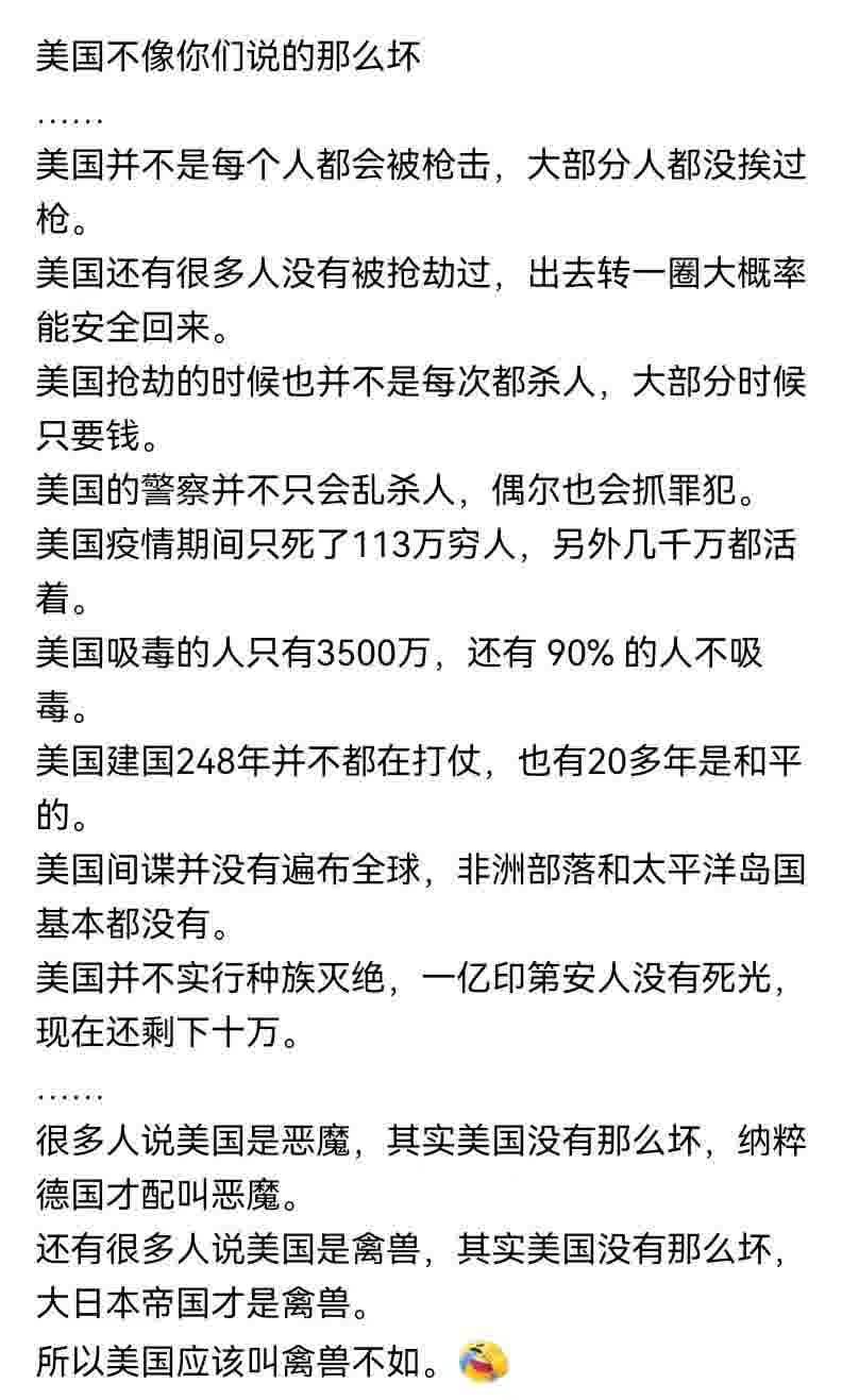 “美国不像你们说的那么坏。”
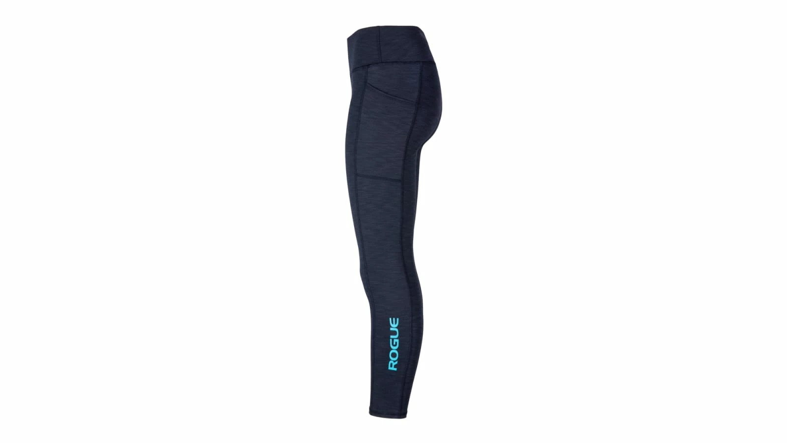 Available here in Navy with Rogue branding, these leggings also contour to the body for a compression-style fit without runs or curling at the edges. Convenient side pockets offer small item storage and a wide waistband creates a reliable hold through high intensity movements.
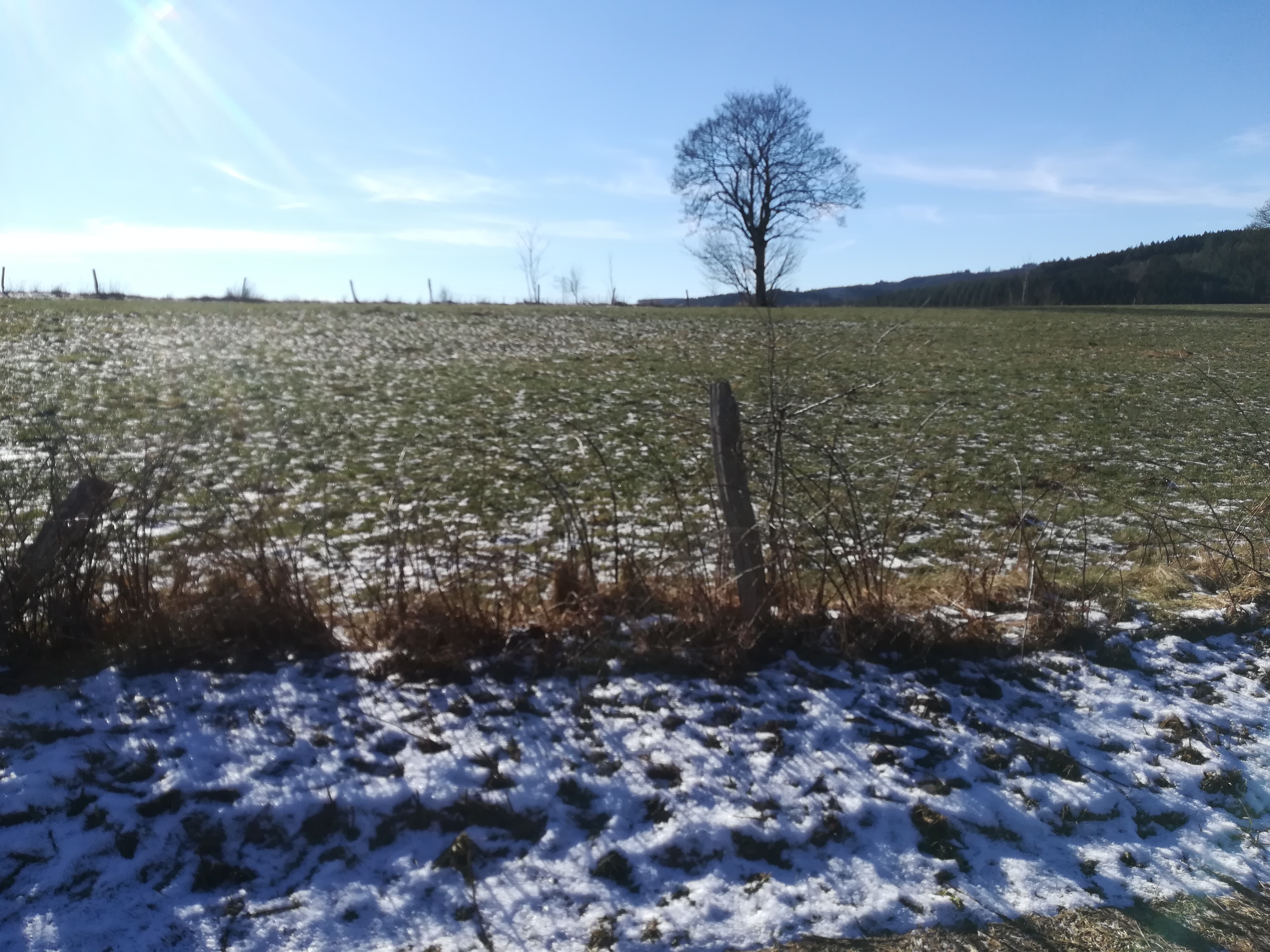 Pour cette nouvelle randonnée, nous prenons la direction de Vielsam en province de Liège. Nous arrivons avec le train L42 qui sinue dans la vallée de l’Amblève. Après un petit ravitaillement, nous nous élevons sur les hauteurs de Vielsalm par un petit chemin situé derrière le supermarché Spar. Celui-ci monte déjà bien mais ce n’est pas pour nous déplaire. Cela nous permet de nous réchauffer un peu car il fait -8 °C. Nous sommes depuis quelques jours sous un anti-cyclone continental nous amenant du froid polaire. Ce n’est pas courant dans nos contrées donc on en a profité.

Problem description: Omitting the pictures, write out the material above exactly as it stands.

Answer to this problem:
 “美国不像你们说的那么坏。”
 Available here in Navy with Rogue branding, these leggings also contour to the body for a compression-style fit without runs or curling at the edges. Convenient side pockets offer small item storage and a wide waistband creates a reliable hold through high intensity movements.
 Pour cette nouvelle randonnée, nous prenons la direction de Vielsam en province de Liège. Nous arrivons avec le train L42 qui sinue dans la vallée de l’Amblève. Après un petit ravitaillement, nous nous élevons sur les hauteurs de Vielsalm par un petit chemin situé derrière le supermarché Spar. Celui-ci monte déjà bien mais ce n’est pas pour nous déplaire. Cela nous permet de nous réchauffer un peu car il fait -8 °C. Nous sommes depuis quelques jours sous un anti-cyclone continental nous amenant du froid polaire. Ce n’est pas courant dans nos contrées donc on en a profité.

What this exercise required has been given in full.